**Exercise objective:** Return the line that has "В ответном слове" and all lines below it through the last, exactly as they stand; omit pictures.
--- Data section Enclosed Below ---
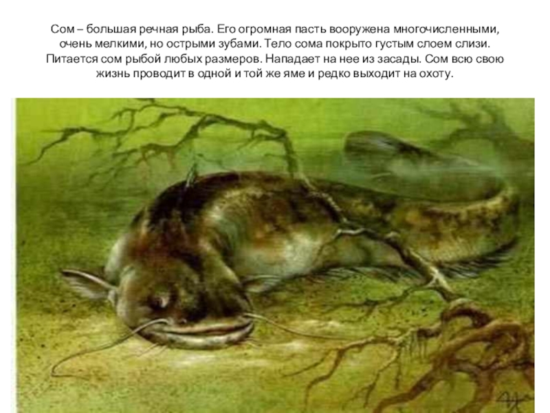 Слайд 4Сом – большая речная рыба. Его огромная пасть вооружена многочисленными, очень
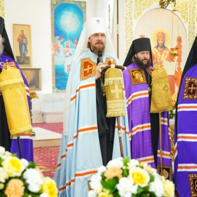 В ответном слове владыка Серафим поблагодарил митрополита Алексия и архиереев за добрые пожелания и напутствия, отметив, что он впервые оказался на южноуральской земле и приступает к своему служению с трепетом и с чувством ответственности, с благодарностью за оказанное доверие.
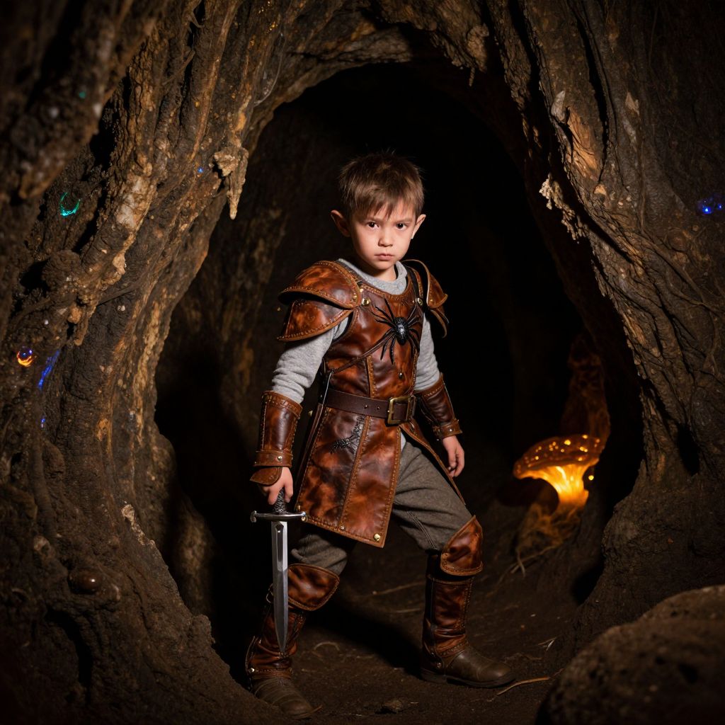 Photograph of a young boy with fair skin and short brown hair, standing in a dimly lit, rugged cave. He wears a brown leather armor vest over a white long-sleeve shirt, gray pants, and brown boots. He holds a small sword in his right hand. The cave's dark, rocky walls frame him, with a faint, glowing orange light in the background. The boy's serious expression and determined stance evoke a sense of adventure and bravery. The image has a dramatic, fantasy-like quality, enhanced by the contrast between the dark cave and the boy's illuminated figure.
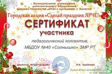 Участники городской акции "Сделай праздник ярче!" г.Волжск. Педагоги и воспитанники групп отмечены сертификатами.
--- End of Enclosed Data section ---
**Exercise result:**
 В ответном слове владыка Серафим поблагодарил митрополита Алексия и архиереев за добрые пожелания и напутствия, отметив, что он впервые оказался на южноуральской земле и приступает к своему служению с трепетом и с чувством ответственности, с благодарностью за оказанное доверие.
 Photograph of a young boy with fair skin and short brown hair, standing in a dimly lit, rugged cave. He wears a brown leather armor vest over a white long-sleeve shirt, gray pants, and brown boots. He holds a small sword in his right hand. The cave's dark, rocky walls frame him, with a faint, glowing orange light in the background. The boy's serious expression and determined stance evoke a sense of adventure and bravery. The image has a dramatic, fantasy-like quality, enhanced by the contrast between the dark cave and the boy's illuminated figure.
 Участники городской акции "Сделай праздник ярче!" г.Волжск. Педагоги и воспитанники групп отмечены сертификатами.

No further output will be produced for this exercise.